▶ **YOUR INSTRUCTIONS**:
Pull every line that includes the word "mark" out of the data below and copy it.
*** GIVEN INFORMATION Section Begins ***
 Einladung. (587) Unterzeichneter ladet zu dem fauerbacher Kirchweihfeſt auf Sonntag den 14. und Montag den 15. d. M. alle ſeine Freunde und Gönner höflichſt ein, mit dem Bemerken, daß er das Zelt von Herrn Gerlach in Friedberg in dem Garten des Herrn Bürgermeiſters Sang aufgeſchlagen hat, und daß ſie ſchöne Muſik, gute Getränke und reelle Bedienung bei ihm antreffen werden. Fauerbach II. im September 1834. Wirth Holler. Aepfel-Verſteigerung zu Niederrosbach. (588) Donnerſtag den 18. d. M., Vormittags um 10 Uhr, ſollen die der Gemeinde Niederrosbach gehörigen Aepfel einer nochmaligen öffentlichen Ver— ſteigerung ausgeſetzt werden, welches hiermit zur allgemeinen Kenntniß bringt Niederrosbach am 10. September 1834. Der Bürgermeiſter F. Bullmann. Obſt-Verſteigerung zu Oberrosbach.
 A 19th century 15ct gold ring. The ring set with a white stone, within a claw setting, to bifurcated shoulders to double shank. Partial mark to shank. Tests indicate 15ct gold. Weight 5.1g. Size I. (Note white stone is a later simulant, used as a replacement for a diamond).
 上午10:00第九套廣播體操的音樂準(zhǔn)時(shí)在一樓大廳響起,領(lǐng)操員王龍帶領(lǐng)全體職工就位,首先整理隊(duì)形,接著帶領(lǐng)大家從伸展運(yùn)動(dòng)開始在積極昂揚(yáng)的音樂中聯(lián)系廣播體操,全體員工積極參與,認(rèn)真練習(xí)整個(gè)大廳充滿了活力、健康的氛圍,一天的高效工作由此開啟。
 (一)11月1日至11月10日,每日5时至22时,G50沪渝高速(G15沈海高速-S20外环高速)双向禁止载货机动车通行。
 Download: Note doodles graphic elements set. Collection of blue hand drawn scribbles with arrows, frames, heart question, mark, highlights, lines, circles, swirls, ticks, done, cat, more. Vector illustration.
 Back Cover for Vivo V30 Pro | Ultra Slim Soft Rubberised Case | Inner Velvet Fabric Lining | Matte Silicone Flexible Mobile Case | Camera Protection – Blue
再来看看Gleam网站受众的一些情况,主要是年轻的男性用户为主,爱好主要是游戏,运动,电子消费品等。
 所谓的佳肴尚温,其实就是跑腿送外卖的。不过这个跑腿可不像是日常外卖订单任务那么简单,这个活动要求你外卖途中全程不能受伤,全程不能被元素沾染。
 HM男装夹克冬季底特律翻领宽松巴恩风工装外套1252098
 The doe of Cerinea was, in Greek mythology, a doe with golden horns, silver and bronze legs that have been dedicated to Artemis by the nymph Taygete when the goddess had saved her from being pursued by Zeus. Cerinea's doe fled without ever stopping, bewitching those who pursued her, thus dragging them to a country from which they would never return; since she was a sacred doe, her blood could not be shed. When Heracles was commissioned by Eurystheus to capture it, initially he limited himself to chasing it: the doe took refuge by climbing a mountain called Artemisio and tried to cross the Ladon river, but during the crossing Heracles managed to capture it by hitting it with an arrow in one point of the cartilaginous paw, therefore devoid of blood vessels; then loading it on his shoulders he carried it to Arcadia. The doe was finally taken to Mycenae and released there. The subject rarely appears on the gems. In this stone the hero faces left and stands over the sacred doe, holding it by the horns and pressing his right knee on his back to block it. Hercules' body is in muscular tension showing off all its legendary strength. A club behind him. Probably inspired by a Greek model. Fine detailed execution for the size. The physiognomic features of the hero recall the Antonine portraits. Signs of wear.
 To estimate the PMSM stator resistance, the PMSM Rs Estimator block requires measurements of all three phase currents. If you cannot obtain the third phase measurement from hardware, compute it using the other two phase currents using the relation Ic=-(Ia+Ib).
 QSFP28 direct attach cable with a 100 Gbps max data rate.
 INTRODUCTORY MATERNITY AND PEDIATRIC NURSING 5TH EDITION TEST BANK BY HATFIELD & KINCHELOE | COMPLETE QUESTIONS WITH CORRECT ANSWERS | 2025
*** GIVEN INFORMATION Section Ends ***
▶ **PROBLEM SOLUTION**:
 A 19th century 15ct gold ring. The ring set with a white stone, within a claw setting, to bifurcated shoulders to double shank. Partial mark to shank. Tests indicate 15ct gold. Weight 5.1g. Size I. (Note white stone is a later simulant, used as a replacement for a diamond).
 Download: Note doodles graphic elements set. Collection of blue hand drawn scribbles with arrows, frames, heart question, mark, highlights, lines, circles, swirls, ticks, done, cat, more. Vector illustration.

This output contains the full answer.